Comparative Effects of Manual Lymphatic Drainage and Therapeutic Ultrasound on Breast Engorgement in Postpartum Women: A Feasibility Pilot Study

National Yang Ming Chiao Tung University1 site in 1 country31 target enrollmentJuly 1, 2022

Overview

Phase
N/A
Intervention
Not specified
Conditions
Breast Engorgement
Sponsor
National Yang Ming Chiao Tung University
Enrollment
31
Locations
1
Primary Endpoint
The Breast Enhancement Assessment Scale
Status
Terminated
Last Updated
last year

Overview

Brief Summary

In this article, women were randomly assigned to the manual lymphatic drainage group, therapeutic ultrasound group, and control group, and the breast pain, swelling hardness, and milk excretion before and after each treatment were measured.

Detailed Description

Breast engorgement as the swelling and distention of breast, which is one of the most common problems of postpartum of 3-8 days. At the same time, the congested blood vessels and tissue fluid will enter the surrounding tissues, resulting in the retention of tissue fluid and blood, resulting in interstitial fluid. In cases such as interstitial edema, the flow of milk is restricted. There are many conservative treatments for relieving breast swelling. At present, there have been published studies on the application of ultrasound therapy and manual lymphatic drainage to breast problems during lactation. Previous studies have shown that manual lymphatic drainage and ultrasound therapy can significantly improve the pain, temperature, and firmness of breast engorgement. Manual lymphatic drainage and ultrasound therapy have been widely used in physical therapy, but there is little empirical evidence for manual lymphatic drainage on breast swelling. It is hoped that this empirical medical research method can be used to reduce the effect of breast pain caused by breast problems and improve breast milk. The purpose of this study was to examine whether manual lymphatic drainage and ultrasound therapy can improve breast pain, breast swelling, and increase the flow and volume of milk removed.

Registry
clinicaltrials.gov
Start Date
July 1, 2022
End Date
July 31, 2024
Last Updated
last year
Study Type
Interventional
Study Design
Parallel
Sex
Female

Investigators

Responsible Party
Sponsor

Eligibility Criteria

Inclusion Criteria

  • Over 20 years old
  • Physiological breast swelling, breast heaviness, lumps, milk plugging, breast pain after childbirth
  • Able to read and understand Chinese
  • At least four points on the Breast Swelling Scale

Exclusion Criteria

  • Autoimmune system problems
  • physical and mental health problems
  • Breast abscesses, mastitis
  • Breast implants
  • Cardiac pacemakers
  • Malignant tumors

Outcomes

Primary Outcomes

The Breast Enhancement Assessment Scale

Time Frame: Change from Baseline The Breast Enhancement Assessment Scale at 3day

There are six grades of breast swelling: grade 1: tender, the breast does not change; grade 2: slight change; grade 3: the breast feels thick without tenderness; grade 4: the breast feels thick and begins to pressure Pain; Grade 5: Thick breasts with obvious tenderness; Grade 6: Very hard and very painful.
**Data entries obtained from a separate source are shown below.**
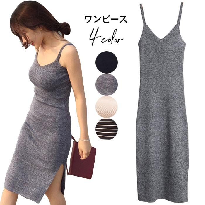 美シルエットを叶うキャミソールワンピースワンピース レディース キャミソールワンピース ミディアムワンピース Vネック 伸縮性 ニット スリット入り お洒落 インナー シンプル セクシー バレンタイン 2023 プレゼント
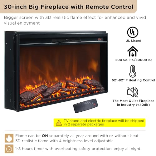 MODERN REALISTIC ELECTRIC FIREPLACE: The built-in 30-inch electric fireplace brings warmth and ambiance to your living space. Realistic dancing flames and burning logs effects create an authentic feel, giving you a real fireplace experience. It comes with a remote regulate for the flame intensity, heater, and turn-off timer. In addition to it may be run with no heat (just flames) in warmer climates.
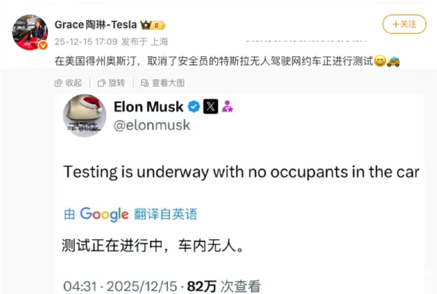 在官方确认之前,已有海外博主拍摄到Model Y Robotaxi在公共道路行驶的画面。视频中车辆前排与后排均处于空置状态,方向盘无人接管,副驾未配置监控人员。随后,马斯克本人也确认,这批Robotaxi并未设置安全员。

The Visual Analogue Scale for Pain;VASP

Time Frame: Change from Baseline The Visual Analogue Scale for Pain;VASP at 3day

Using a ruler, the score is determined by measuring the distance (mm) on the 10-cm line between the "no pain" anchor and the patient's mark, providing a range of scores from 0-10. A higher score indicates greater pain intensity.

The Total Daily Milk Volume

Time Frame: Change from Baseline The Total Daily Milk Volume at 3day

Total Daily Milk Volume was be recorded.

Secondary Outcomes

  • Increase breastfeeding rates(3day)

Study Sites (1)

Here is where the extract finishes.